• _Exercise prompt_
Repeat the entries below exactly, pictures excluded.

• _Listed entries_
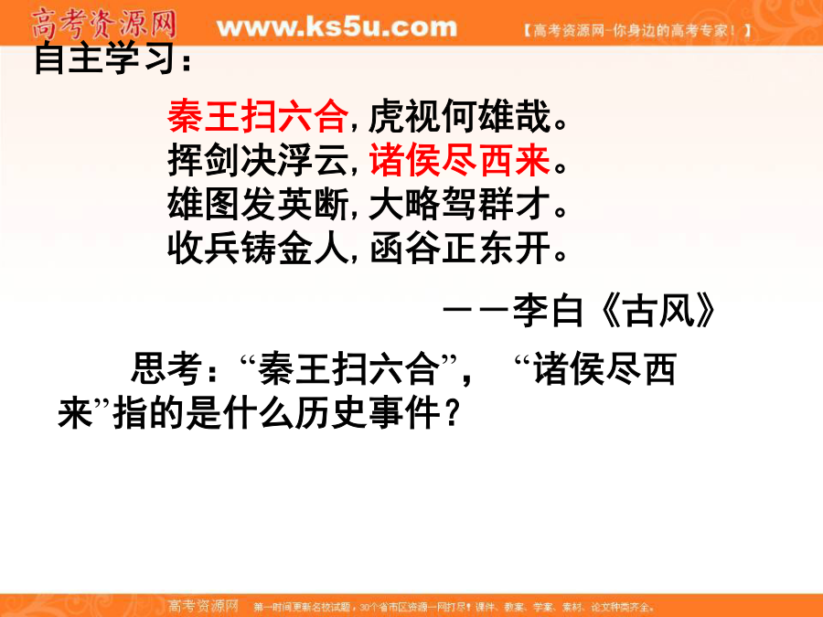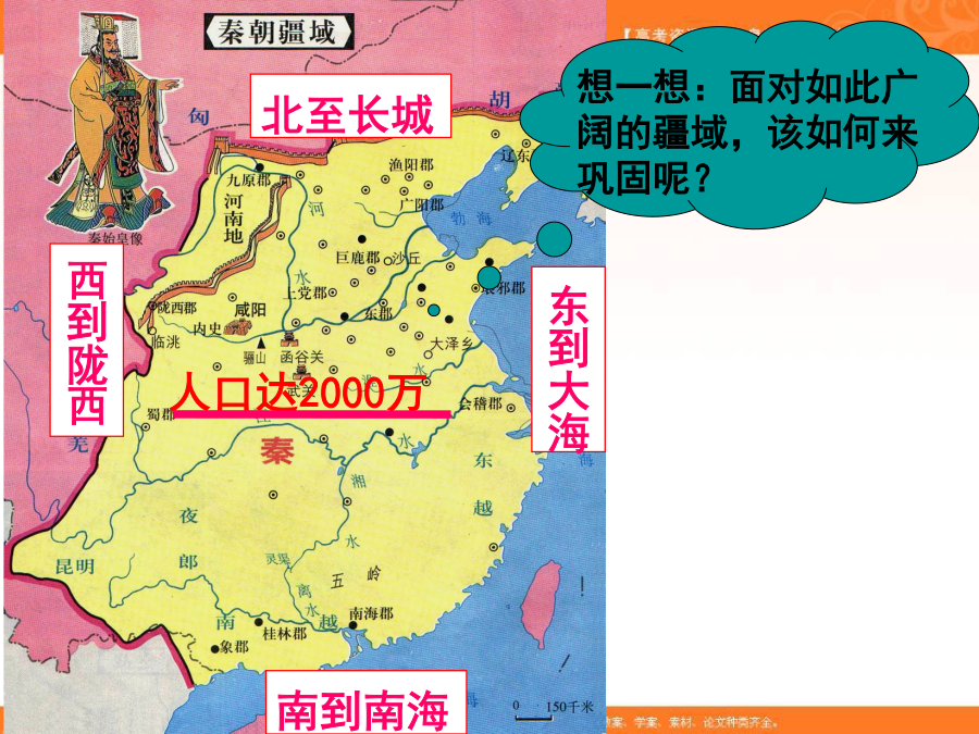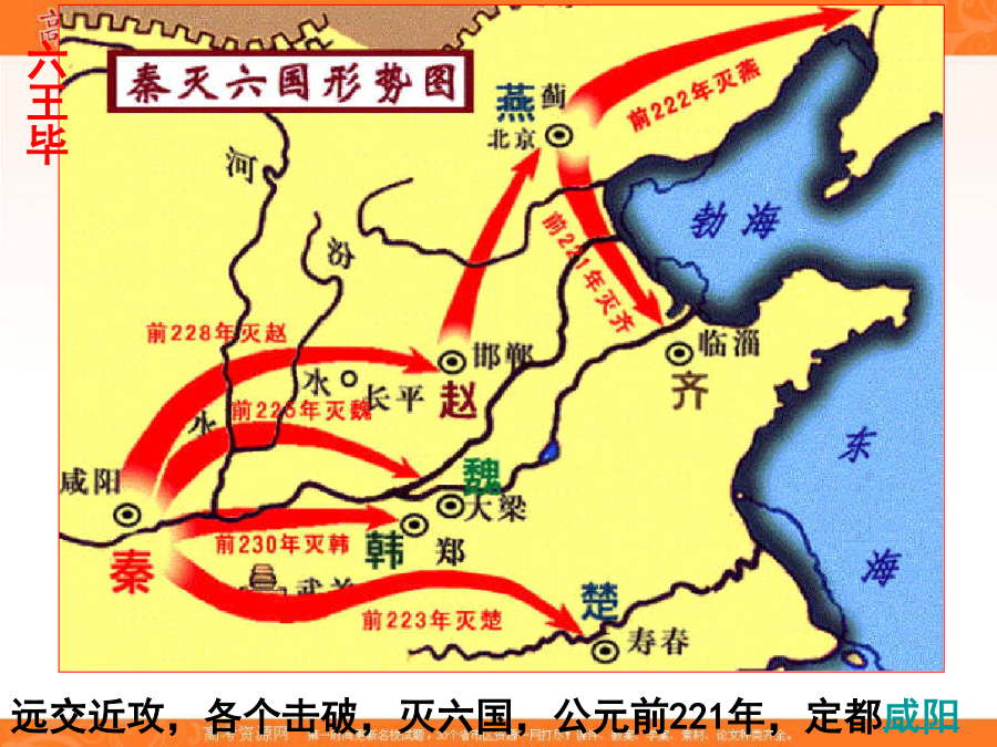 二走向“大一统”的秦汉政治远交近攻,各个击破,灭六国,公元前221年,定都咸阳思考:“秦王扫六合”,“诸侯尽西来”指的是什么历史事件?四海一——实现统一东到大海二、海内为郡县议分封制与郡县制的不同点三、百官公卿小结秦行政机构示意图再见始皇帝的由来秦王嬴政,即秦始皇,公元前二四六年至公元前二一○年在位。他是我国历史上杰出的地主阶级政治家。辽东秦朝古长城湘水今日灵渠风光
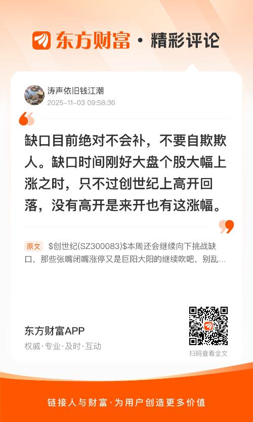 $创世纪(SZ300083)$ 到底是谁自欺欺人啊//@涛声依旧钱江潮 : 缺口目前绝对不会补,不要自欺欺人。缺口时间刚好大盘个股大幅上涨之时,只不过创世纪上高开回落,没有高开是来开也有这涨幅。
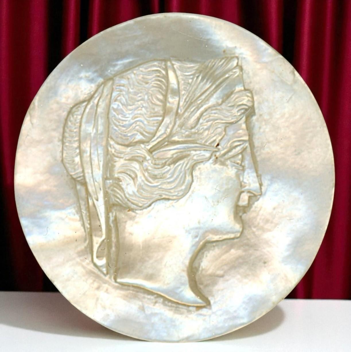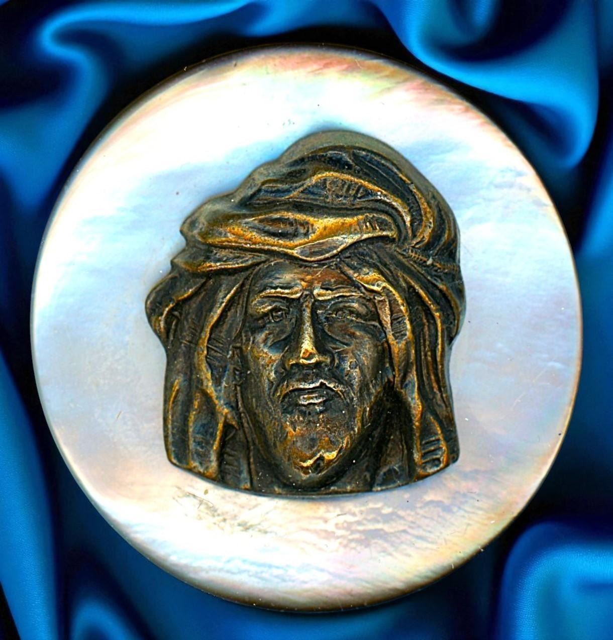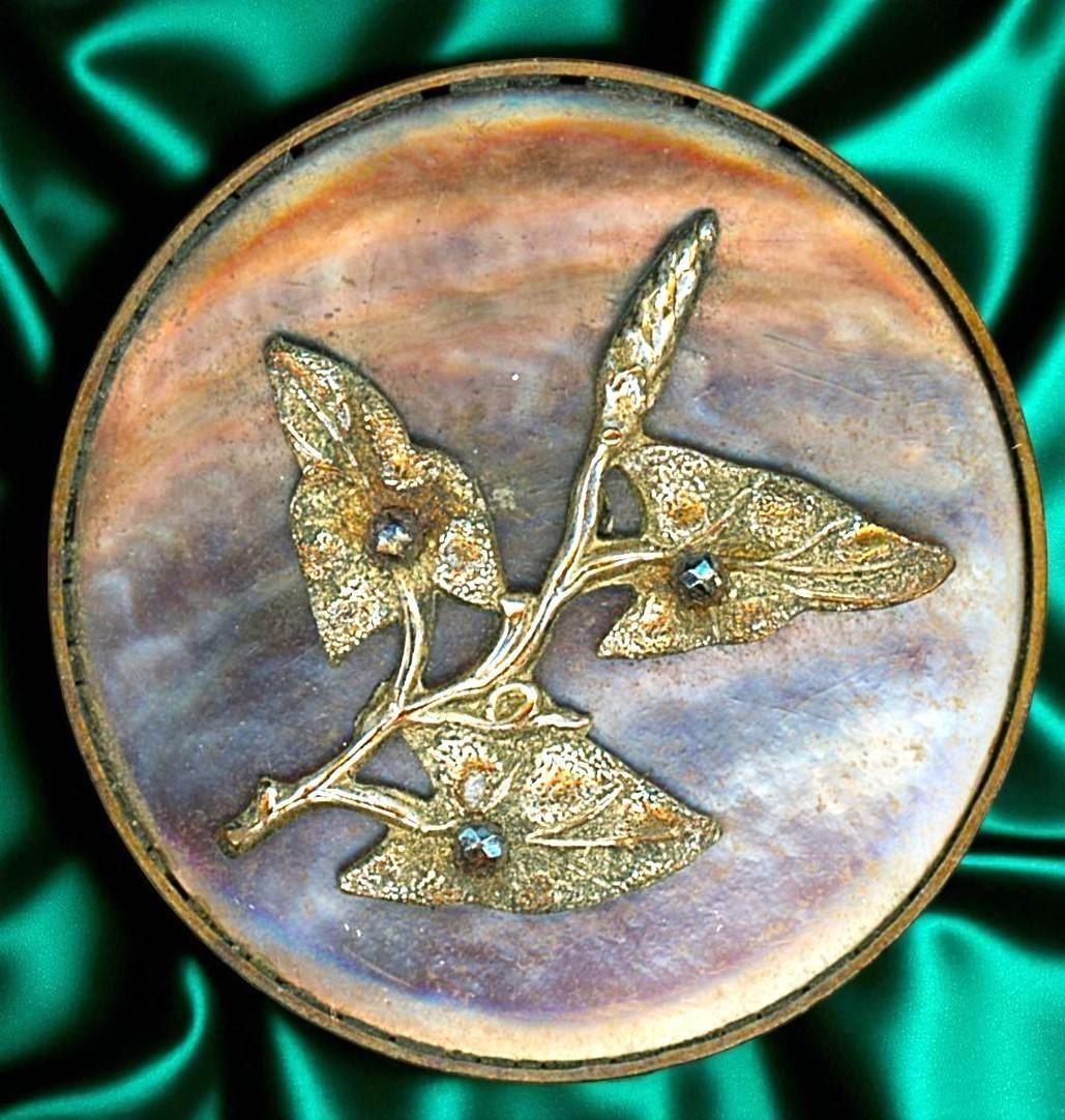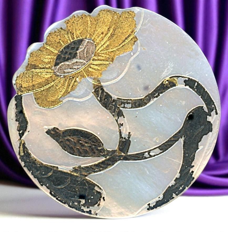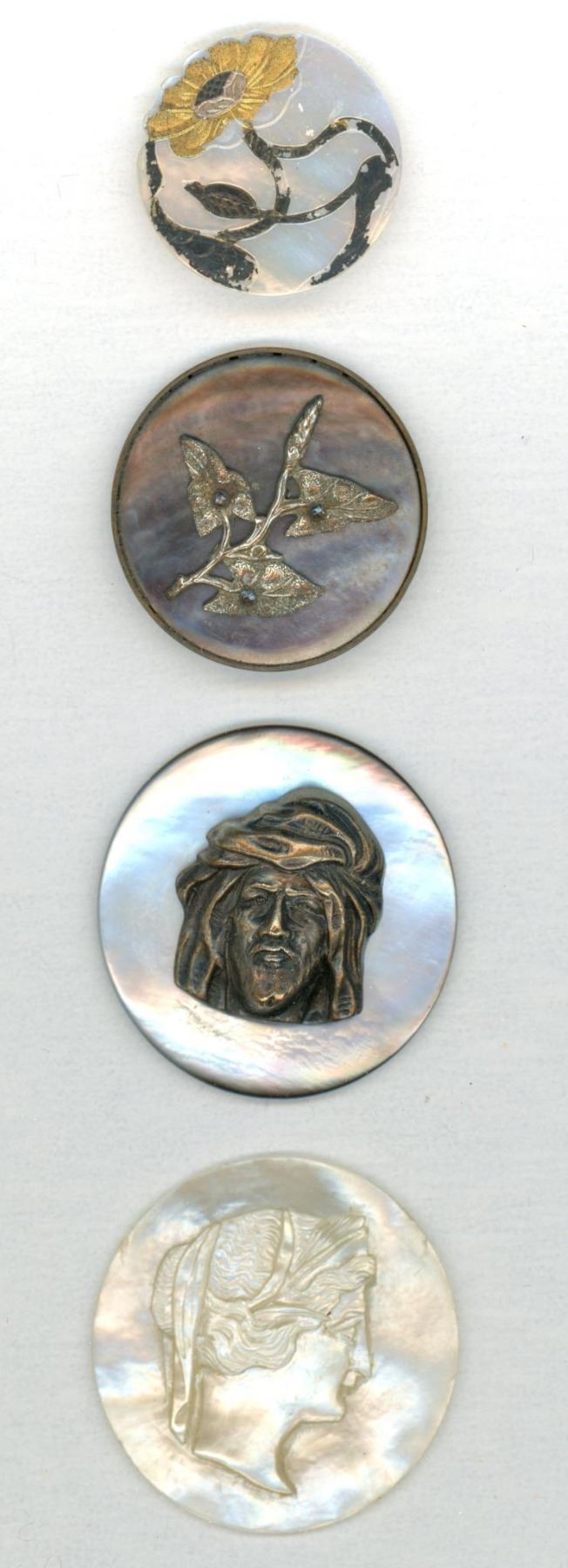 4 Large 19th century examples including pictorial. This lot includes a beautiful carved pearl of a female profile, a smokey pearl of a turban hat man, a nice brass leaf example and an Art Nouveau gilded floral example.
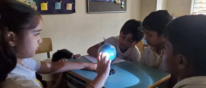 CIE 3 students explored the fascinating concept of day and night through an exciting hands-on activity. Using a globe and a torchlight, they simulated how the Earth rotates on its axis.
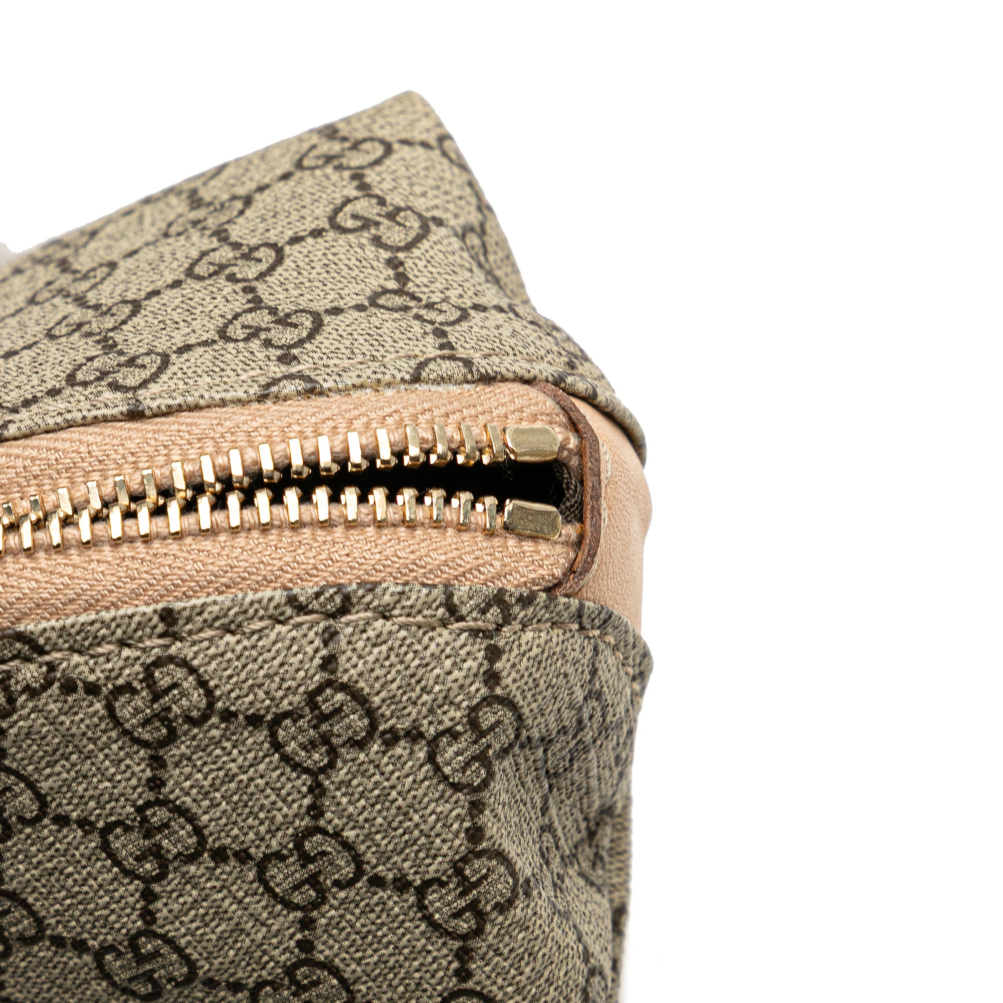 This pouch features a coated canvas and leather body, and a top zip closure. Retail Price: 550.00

• _Answer space_
 二走向“大一统”的秦汉政治远交近攻,各个击破,灭六国,公元前221年,定都咸阳思考:“秦王扫六合”,“诸侯尽西来”指的是什么历史事件?四海一——实现统一东到大海二、海内为郡县议分封制与郡县制的不同点三、百官公卿小结秦行政机构示意图再见始皇帝的由来秦王嬴政,即秦始皇,公元前二四六年至公元前二一○年在位。他是我国历史上杰出的地主阶级政治家。辽东秦朝古长城湘水今日灵渠风光
 $创世纪(SZ300083)$ 到底是谁自欺欺人啊//@涛声依旧钱江潮 : 缺口目前绝对不会补,不要自欺欺人。缺口时间刚好大盘个股大幅上涨之时,只不过创世纪上高开回落,没有高开是来开也有这涨幅。
 4 Large 19th century examples including pictorial. This lot includes a beautiful carved pearl of a female profile, a smokey pearl of a turban hat man, a nice brass leaf example and an Art Nouveau gilded floral example.
 CIE 3 students explored the fascinating concept of day and night through an exciting hands-on activity. Using a globe and a torchlight, they simulated how the Earth rotates on its axis.
 This pouch features a coated canvas and leather body, and a top zip closure. Retail Price: 550.00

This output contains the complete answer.